Tracy Schwarz, the last surviving member of The New Lost City Ramblers, stood in a respectful approach to the lost music of the countryside, in contrast to more commercial acts like Kingston Trio, Peter, Puter and Mary, who died in W.VA on March 29th. He was 86 years old.
His death at the hospice facility was announced by his wife, Virginia Hawker.
The new lost city of Rambler, formed in New York in 1958, rides the peak of the folk revival.
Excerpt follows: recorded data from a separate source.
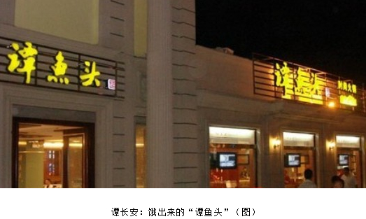 “慢慢的開始有了連鎖經(jīng)營(yíng)的概念。”譚長(zhǎng)安說(shuō)道,“我認(rèn)為我最成功的地方在于,表面上看‘譚魚頭’是在開店,其實(shí)我們是在把無(wú)形資產(chǎn)資本化。在北京開店時(shí),我沒(méi)出一分錢,我?guī)е业亩拱辍⒄伊艘粠娃r(nóng)民娃娃帶到了北京。我建立了一種連鎖加盟的模式,不需要出一分錢就可以占有35%到55%的股份。同時(shí),在一個(gè)‘吃味道’的年代,我抓住了機(jī)會(huì)。”
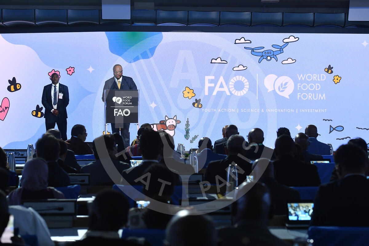 14 October 2024. Plenary Hall, FAO Headquarters, Rome, Italy. King Mswati III of Eswatini speaks to attendees during the World Food Forum Grand Opening Ceremony.
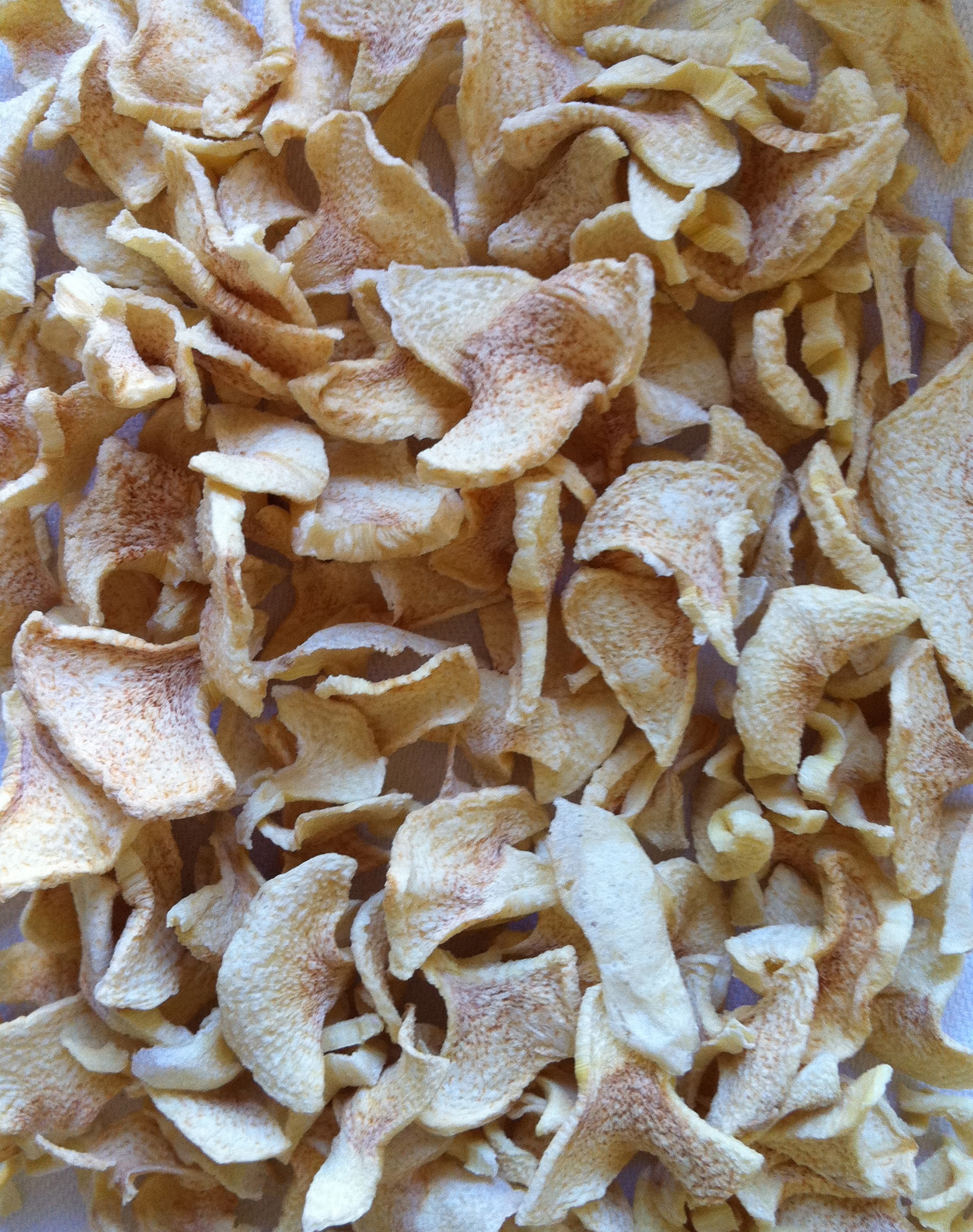 - Most dehydrated purees look like paper. You can peal if of the foil. If it’s streching, it’s not dry enough. Cut the “puree paper” into small pieces. You can use a blender to make it into a powder.
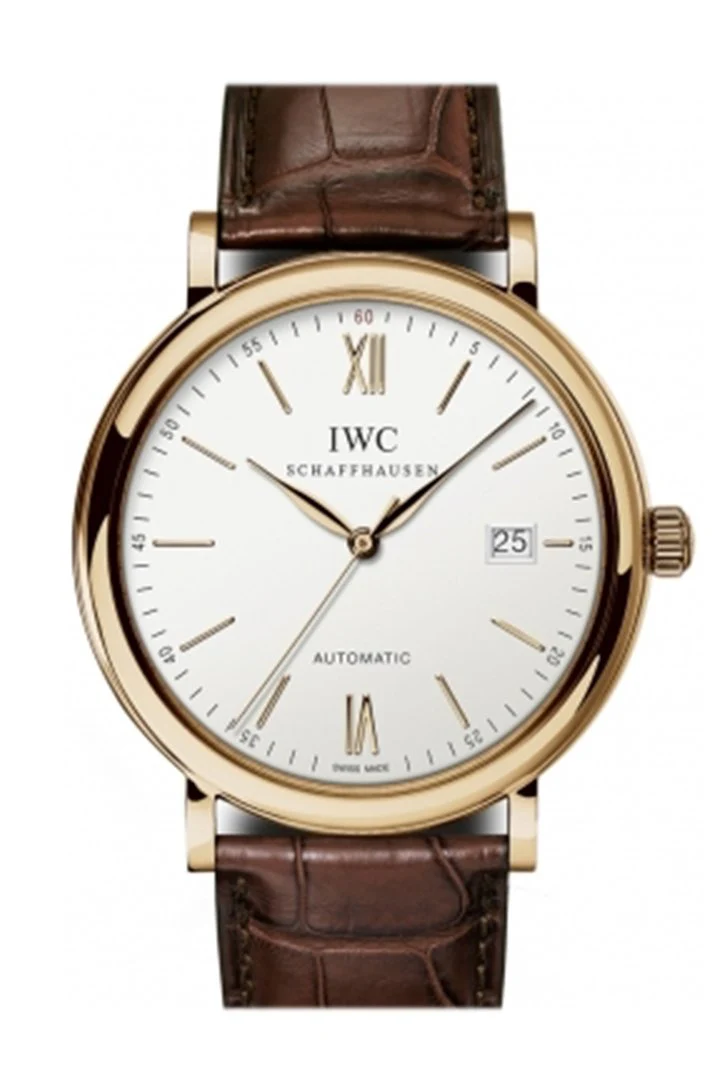 18kt rose gold case with a brown crocodile leather strap. Fixed 18kt rose gold bezel. Silver dial with gold-tone hands and index hour markers. Roman numerals mark the 6 and 12 o'clock positions. Minute markers around the outer rim. Dial Type: Analog. Date display appears at the 3 o'clock position. Automatic movement with a 42-hour power reserve. Scratch resistant sapphire crystal. Pull / push crown. Solid case back. Case diameter: 40 mm. Case thickness: 9.5 mm. Round case shape. Band width: 20 mm. Tang clasp. Water resistant at 30 meters/ 100 feet. Functions: hours, minutes, seconds, date. Dress watch style. Watch label: Swiss Made. IWC Portofino Silver Dial 18kt Rose Gold Case Brown Leather Strap Automatic Mens Watch
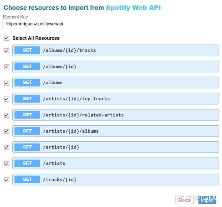 选择所有资源,输入Element Key,接着单击Import以关闭引导。
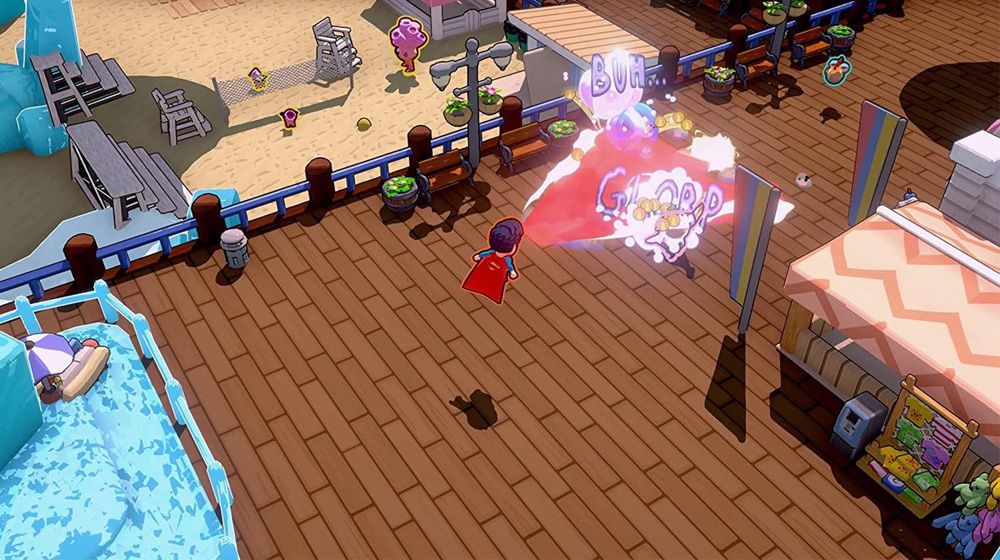 Ujedinite se protiv haosa, u potpuno novoj avanturi otvorenog sveta u kojoj se Liga pravde sukobljava sa gospodinom Mr. Mxyzptlk-om, moćnim šaljivdžijom iz 5. dimenzije. Obucite se kao Betmen, Čudesna žena i Supermen i suočite se sa nekim od najmoćnijih super-zlikovaca u DC univerzumu i epskoj bitci za donošenje mira u Happy Harbor.

They performed at the first Newport Folk Festival the following year, counting Bob Dylan as fans, jaming at the prestigious Greenwich Village Folk Club in the early 1960s.
“Everything about them appealed to me – their style, their songs, their sounds,” Dylan wrote in his 2004 memoir, “The Chronicle: Volume 1.” “Their songs ran in style, from mountain ballads to fiddle tunes and railroad blue,” he said, “I didn't know they were replicating everything they did from the old 78 records, but what was important anyway?”
Skilled in fiddle, accordion, guitar and banjo, Schwartz joined Mike Seger, half-brother of Folk Laminary Pete Seger, and Rambler guitarist John Cohen, after another former member Tom Paley, who left in 1962.
Schwartz, born in New York and the son of an investment banker, “There was something about Tracy that was a country on earth,” cited Mike Seger in his 2010 book, “New To the Countr: The New Lost City Ramblers and the Folk Music Revival.” “He was just feeling the music, and it was in his bones.”
The Rambler was modeled after the traditional string belt that flourished in the lush lush dimples and southern back roads of South Appalachia in the 1920s and 30s. They were equality between entertainers and folklorists, and taught audiences about musical history set in bluegrass and country fundamentals, as played by Dock Boggs, the Carter Family, Cousin Emmy, and the Frypan Rickers.
Rambler “conducted a mammoth rescue mission,” writes music critic Eric Winter, who “snatched from the jaws of the Jukebox Society and stolen from some of the finest music in American tradition.”
Daniel Tracy Schwartz was born in Manhattan on November 13th, 1938. Manhattan is Constance Schwartz, the third of investment banker Hamilton Schwartz's four children and classically trained pianist. Spending summers in rural Vermont he learned to appreciate the rhythm and culture of rural life. “It was almost Appalachian,” he was quoted as saying he had “goed to the country.”
As a child in New Jersey and Connecticut, he began playing guitar in search of rustic music on the radio.
After graduating from Portsmouth Abbey School in Rhode Island, he studied Russian in Georgetown, falling into Washington's thriving folk revival scene. It was there that he came to know his neighbor, Mr. Seger.
Schwartz dropped out of college to join the Army. Stationed in West Germany, he performed with an acoustic country band at his unfair time. When Mr. Seger reached, he was nearing the end of his army's stint.
Rambler continued to tour and record throughout the 1960s. Schwartz also joined Seger on the side project for the Strange Creek Singers, which released the album in 1972. In the 1970s and 1980s he recorded with the famous Cajun Fiddler Dewey Barfa.
From the late 1970s he played guitar and songs with his first wife, Eloise (King) Schwartz, and toured and recorded with his son Peter as a family band for his son Peter and Tracy.
Rambler disbanded in 1979, but sometimes they reunited. Their “20th Anniversary Concert” album from a 1978 performance featuring Elizabeth Cotten, Pete Seager and others was nominated for a Grammy Award for Best Traditional Folk Recording when it was released in 1986, despite being late.
In the late 1980s, Schwartz began a long collaboration with his second wife, the singer, known as Ginny Hawker. They released two albums, “Good Songs For Hard Times” (2000) and “Draw Closer” (2004).
Schwartz was also a songwriter while focusing primarily on others' music. In 2008, his song “Poor Old Dirt Farmer,” recorded by Levon Helm, was nominated for the Americana Music Association Award for Song of the Year.
In addition to his wife and son Peter, Mr. Schwartz was survived by another son, Robert. daughter, Sallyanne Schwartz Kornz; sister, Natalie Lowell; and three grandchildren.
Whatever the band was, or what year was, Schwartz's commitment to sound in the past never wavered. “The music was very beautiful,” he said in a 1986 interview with the Burlington Free Press in Vermont. “Our inspiration was to play exactly the same way.”